ROSCell: A ROS2-Based Framework for Automated Formation and Orchestration of Multi-Robot Systems
New ROS2-based system cuts CPU, memory, and network load for adaptive manufacturing robots.
A research team from Fraunhofer FOKUS and TU Berlin has introduced ROSCell, a novel framework built on the Robot Operating System 2 (ROS2) designed to automate the formation and orchestration of complex multi-robot systems. It directly addresses the challenges of modern High-Mix-Low-Volume manufacturing, which requires flexible, adaptive production lines. The core innovation allows engineers to package existing robotic software components—like vision algorithms or gripper controls—into reusable, deployable 'skills.' With a simple declarative request, ROSCell can then automatically assemble these skills into functional, isolated computing units called 'cells,' deploy the necessary software instances across available hardware (from edge devices to cloud servers), and coordinate all communication to fulfill a specific task, dramatically speeding up reconfiguration.

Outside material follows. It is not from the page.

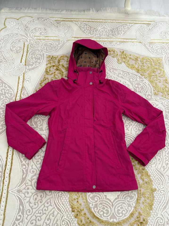 Pembe kapüşonlu kadın ceketi, fermuarlı ön ve uzun kolludur. Rahat kalıbı ve sentetik kumaşıyla dış mekan kullanımı için uygundur.

ROSCell's key advantage is its lightweight, scalable architecture optimized for the computing continuum—the seamless integration of resources from the edge to the cloud. Experimental results demonstrate a significant reduction in system overhead compared to using container orchestration platforms like K3s, which are common but heavier. On edge devices in an idle state, ROSCell shows substantially lower CPU usage, memory footprint, and network traffic. This translates directly to greater energy efficiency and lower operational costs, which is critical for deploying large fleets of heterogeneous robots in dynamic factory settings. The team plans to release the source code, examples, and documentation on GitHub, providing a practical tool for researchers and industry engineers building the next generation of adaptive automation.

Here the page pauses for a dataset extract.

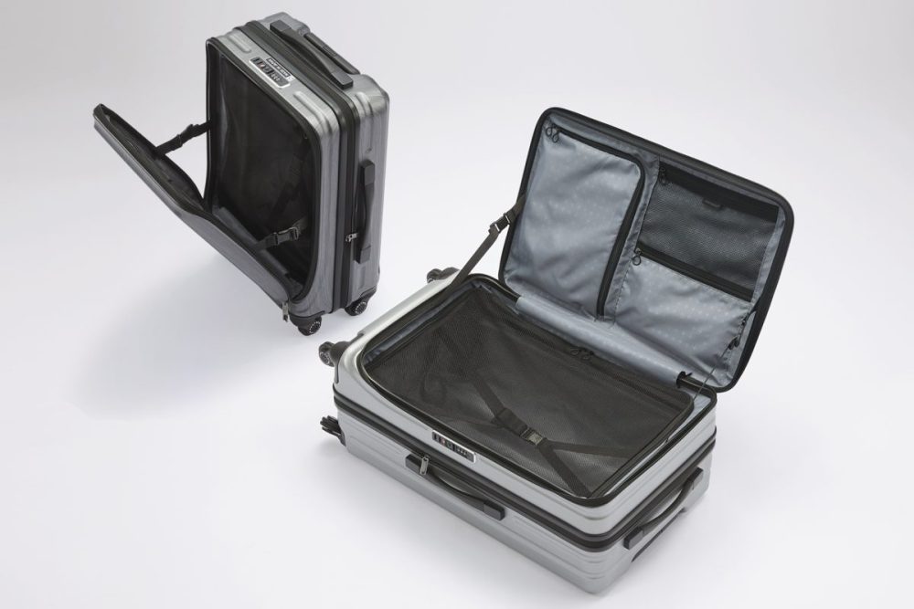 飛行機の座席数100席未満の機内持ち込みサイズに対応したスーツケース。高さを抑えた設計なので、新幹線の座席足下にも収まりやすく、上部にビジネスバッグを安定してセットアップできる。小型ロッカーにも収納可能。

- Enables packaging of robotic software into reusable 'skills' for rapid, declarative task assembly.
- Shows substantially lower CPU, memory, and network overhead vs. K3s, boosting edge device efficiency.
- Provides a scalable foundation for adaptive 'computing continuum' across edge and cloud resources in manufacturing.
Why It Matters
Lowers the cost and complexity of reconfigurable robot fleets, making agile, small-batch manufacturing more viable.